6. (a) Voting and Dividend Equivalent Rights – Restricted Stock Award. As beneficial owner of the Shares, you have full voting and dividend equivalent rights with respect to the Shares during and after the Restricted Period. You are also entitled to receive a payment equal to any dividends, or other distributions declared and paid by the Company with respect to the Restricted Shares, provided that any such dividends or distributions shall be deferred and paid contingent upon the vesting of the applicable Restricted Shares. If you forfeit your rights under this Award Agreement in accordance with Section 2 hereof, you will no longer have any rights as a shareholder with respect to the Restricted Shares and you will no longer be entitled to receive dividends on the Shares.
(b) Voting and Dividend Equivalent Rights – Restricted Stock Units. You have no voting or dividend equivalent rights until you receive a distribution of Shares.
7. No Right of Continued Employment. Nothing in this Award Agreement will interfere with or limit in any way the right of the Company or any affiliate to terminate your employment or service at any time, nor confer upon you any right to continue in the employ or service of the Company or any affiliate.
8. Payment of Taxes.
(a) If this is an Award of Restricted Shares (and not, for the avoidance of doubt, an Award of Restricted Stock Units), you may make an election to be taxed upon your Award under Section 83(b) of the Code within 30 days of the Grant Date.
(b) The Committee is entitled to require as a condition of your Award: (i) that you remit an amount
sufficient to satisfy any and all federal, state and local (if any) tax withholding requirements and
employment taxes (i.e., FICA and FUTA), (ii) that the withholding of such sums come from
compensation otherwise due to you or from Shares due to you under the 2018 Plan, or (iii) any
combination of the foregoing. Any withholding shall comply with Rule 16b-3 under the Exchange Act
or any amendments or successive rules.
9. Plan Controls. The terms contained in the 2018 Plan are incorporated into and made a part of this Award Agreement and this Award Agreement shall be governed by and construed in accordance with the 2018 Plan.

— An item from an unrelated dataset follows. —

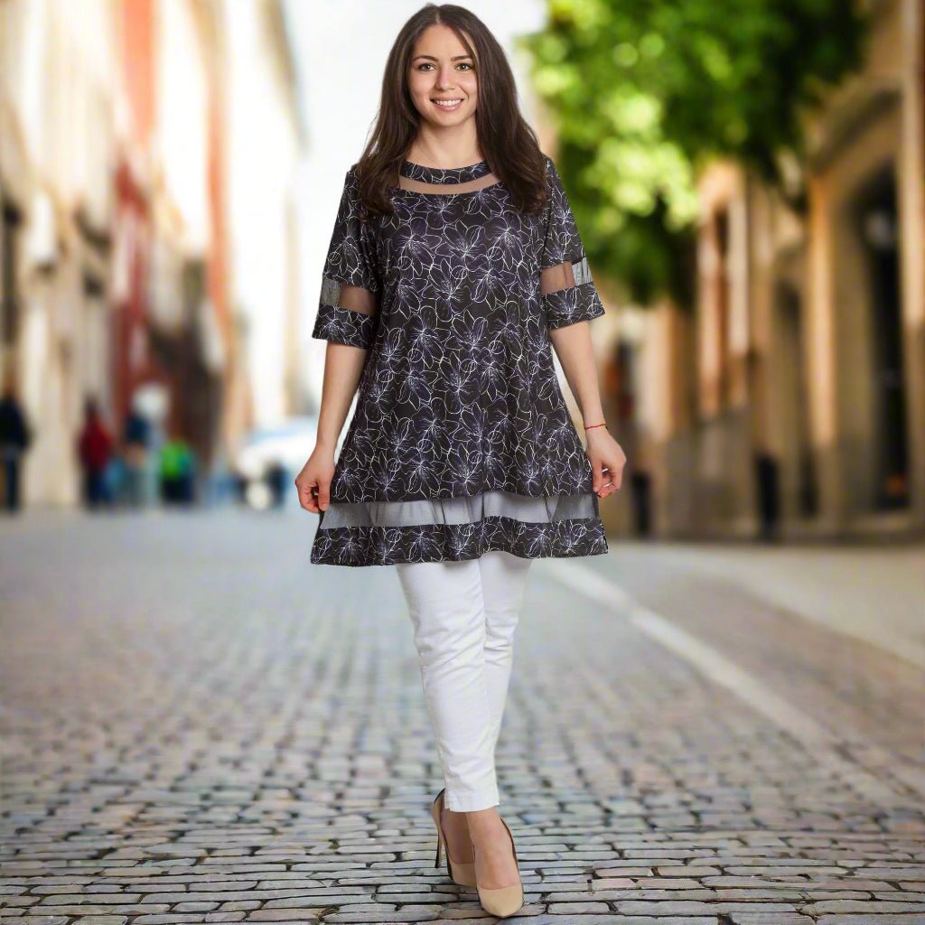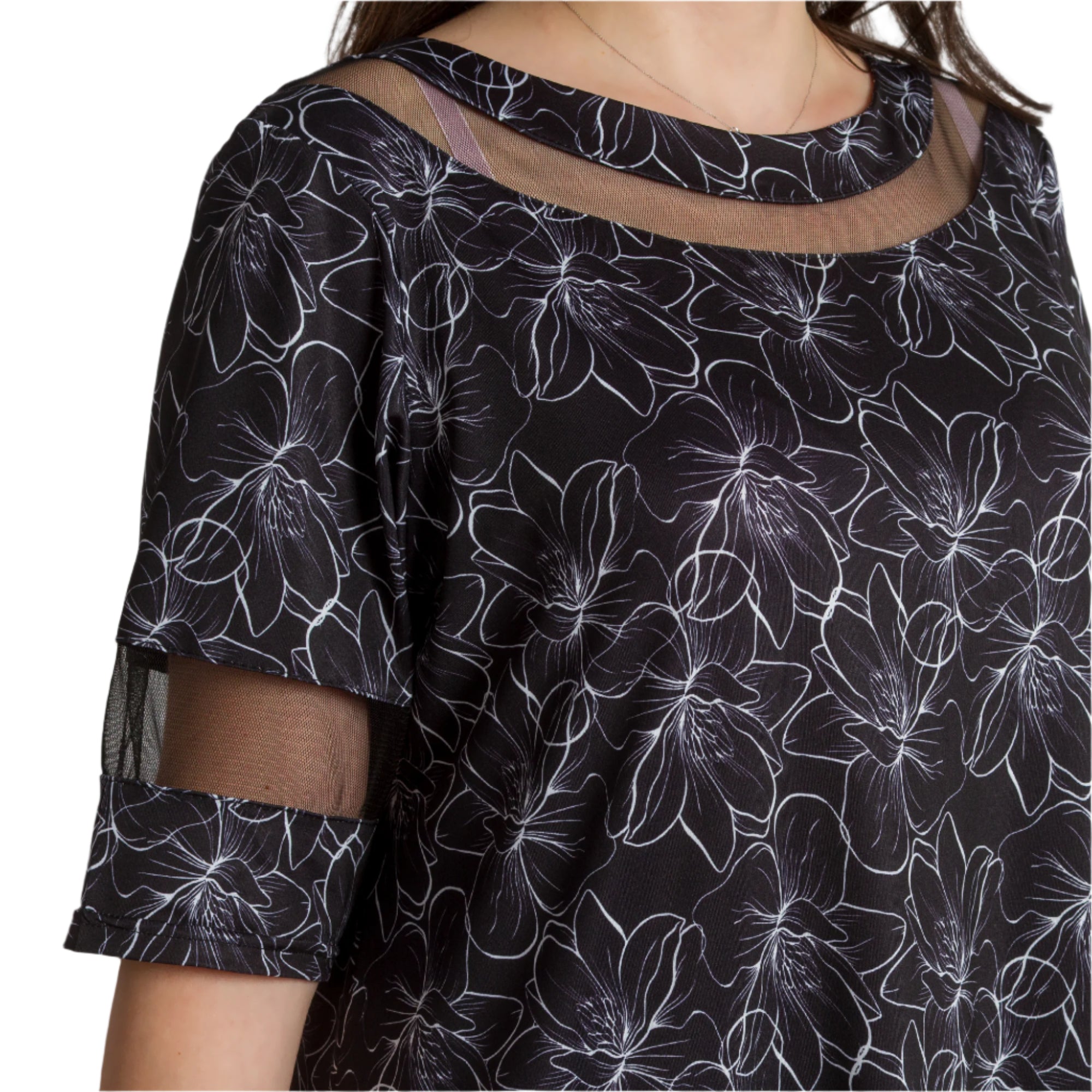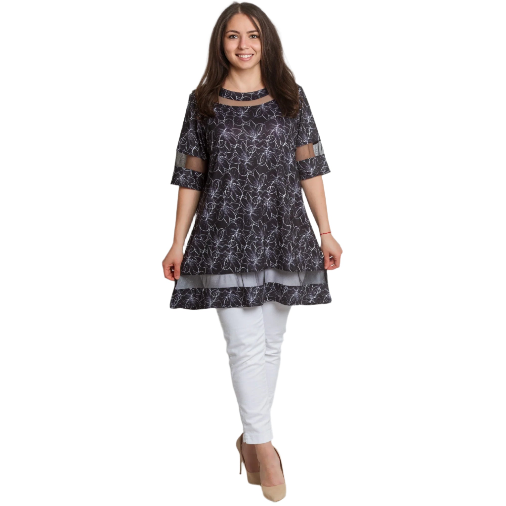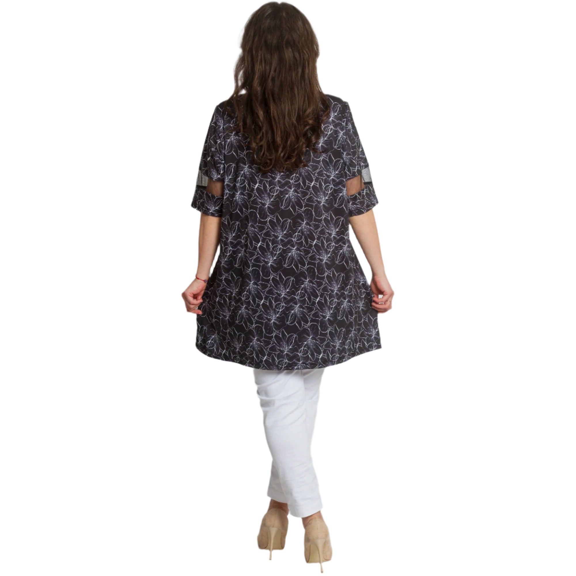Стилна дамска туника в големи размери, декорирана с елегантен флорален десен в черно-бяло. Изработена от лека и приятна на допир материя – 70% полиамид, 25% полиестер и 5% еластан – този модел е перфектен за топлите сезони. Дизайнът е обогатен с мрежести елементи около деколтето, ръкавите и подгъва, допълнени от кожен акцент, който придава модерен вид. Туниката е с удобна свободна кройка и къс ръкав, което я прави подходяща както за ежедневието, така и за по-специални поводи.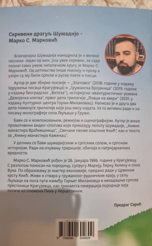 Пјесник Марко С. Марковић, рођен је 26. јануара 1986. године у Крагујевцу. Његова књижевност, по многим мишљењима, није само умјетност већ мисија. Стиховима враћа достојанство српском селу, огњишту и аманету предака, док збирка поезије „Сандуче“ опомиње да се не заборавља и не распродаје д‌једовина. Каже да му је велика част што збирку представља у Котору.

In the event of any actual or alleged conflict between the provisions of the Plan and the provisions of this Agreement, the provisions of the 2018 Plan will control.
10. Successors. This Award Agreement shall be binding upon any successor of the Company, in accordance with the terms of this Award Agreement and the 2018 Plan.
11. Severability. If any one or more of the provisions contained in this Agreement is deemed to be invalid, illegal or unenforceable, the other provisions of this Agreement will be construed and enforced as if the invalid, illegal or unenforceable provision had never been included in this Agreement.
12. Notice. Notices and communications under this Agreement must be in writing and either personally delivered or sent by registered or certified United States mail, return receipt requested, postage prepaid. Notices to the Company must be addressed to:
Chief Financial Officer PO Box 12220
Everett, WA 98206
or any other address designated by the Company in a written notice to you. Notices to you will be directed to your address as then currently on file with the Company, or at any other address that you provide in a written notice to the Company.